No hace mucho, en Heraldo, Antón Castro hizo un panegírico de lo que fue Casa Emilio, constatando sus 85 años de antigüedad y el milagro de amistad, alegría y transgresión que fue. Así lo llama Antón, aunque las gentes que lo conocimos en los duros años sesenta y setenta del franquismo, al tiempo que dejábamos jirones de piel para conseguir la democracia actual, le añadiríamos muchos más epítetos.
Para dos generaciones, como poco, Casa Emilio fue todo un referente de libertad. Emilio y su casa. Para este pueblo tan poco dado a rescatar su pasado, a mantener su historia, inclinado, más bien, a convertir en ladrillos sucedáneos de burbujas cuanto patrimonio cultural acabe en las garras de sus próceres –no de todos–, pero sí de las familias, como si de una nueva cosa nostra habláramos. Recordemos el barrio judío de La Seo, el barrio árabe de Sinhaya, Averly, la quinta torre mudéjar en Zaragoza, los edificios modernistas de Sagasta –casas Faci, Emerenciano y docena y media más, las puertas medievales de entrada/salida a la ciudad, las manzanas al completo entre la calle Cerdán y Escuelas Pías, para poner alfombra imperial a la vía de ciertos alcaldes franquistas que, también, querían cargarse el Mercado Central. Sin ir muy lejos, hace unos meses, el convento de Jerusalén fue derribado para continuar las especulaciones futboleras de estas grandes familias– plantear que Casa Emilio se pudiera convertir en una casa museo debe de ser una entelequia.
Sería sencillo. Si el ayuntamiento de esta inmortal ciudad en vez de dedicarse a plantar bombillas efímeras, pensara con alcance de miras, compraría la casa por esos cuatrocientos mil euros que parece costar. Sería una mínima manera de congraciarnos en parte con un pasado del que no podemos enorgullecernos en ese sentido.
Quizá sea esto pedir peras al olmo o ver caballos lo que son asnos; pero me niego a que, al menos, esta petición no salga a la luz, aunque sea de labios de una persona de las de poca importancia, persona, como miles más, amiga de lo que significaba para todos Emilio Lacambra. Nunca saldrá de esos grandes poderes que disponen de jueces, de medios informativos, de caudal político, de dinero, hasta de religiones a su antojo y que han pisoteado, a lo largo de siglos, el patrimonio zaragozano para convertirlo en pisos de lujo, de medio lujo o barriadas normales que auparan, aún más, el poderío económico de esas pocas familias.

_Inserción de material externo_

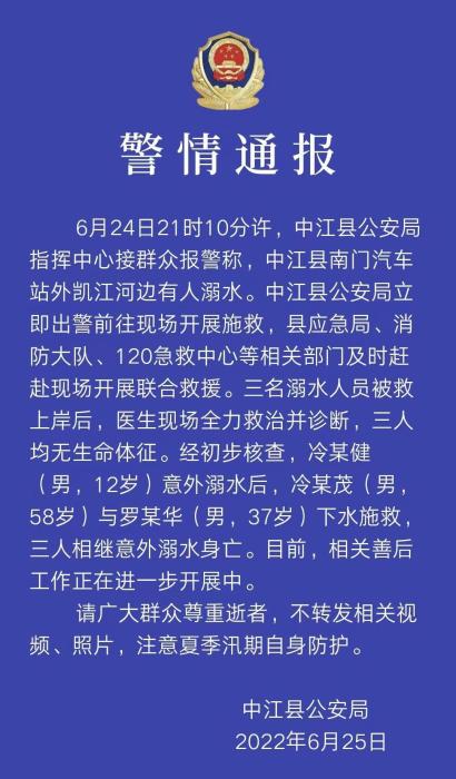 四川德阳中江县警方25日发布通告:6月24日21时10分许,四川德阳市中江县公安局指挥中心接群众报警称,中江县南门汽车站外凯江河边有人溺水。中江县公安局立即出警前往现场开展施救,县应急局、消防大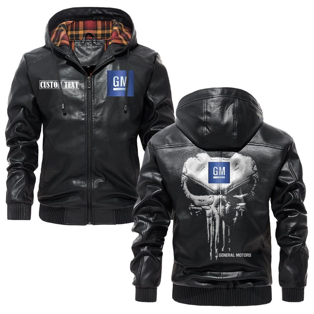 General Motors Logo Custom Name Leather Hoodie Jacket Warm Outerwear with Punisher Skull Design

Si el medio informativo más poderoso del que dispone nuestra Paletonia labordetiana, abanderara esta petición es muy posible que se llegara a cumplir. Claro que, entonces, los olmos darían nueces y los asnos se habrían convertido en alazanes de pura sangre. Quizá, algo más prosaico y pegado al terreno pudiera ser que, el cronista oficioso de esta capital paletona, al aire de su prestigio evidente, encabezara la petición. Sería algo para enmarcar: conseguir paralizar otra demolición en nuestra historia, la pequeña y la grande.
Otra posibilidad podría pasar por la cuestación popular de compra del local. No sería demasiado, estoy seguro de que miles de personas pondríamos lo que pudiéramos. Pero esto, debería canalizarlo una organización que, por una vez, no tuviera el objetivo de particularizar algo sino de devolver a toda la ciudad uno de los lugares que nunca debieran ver la piqueta.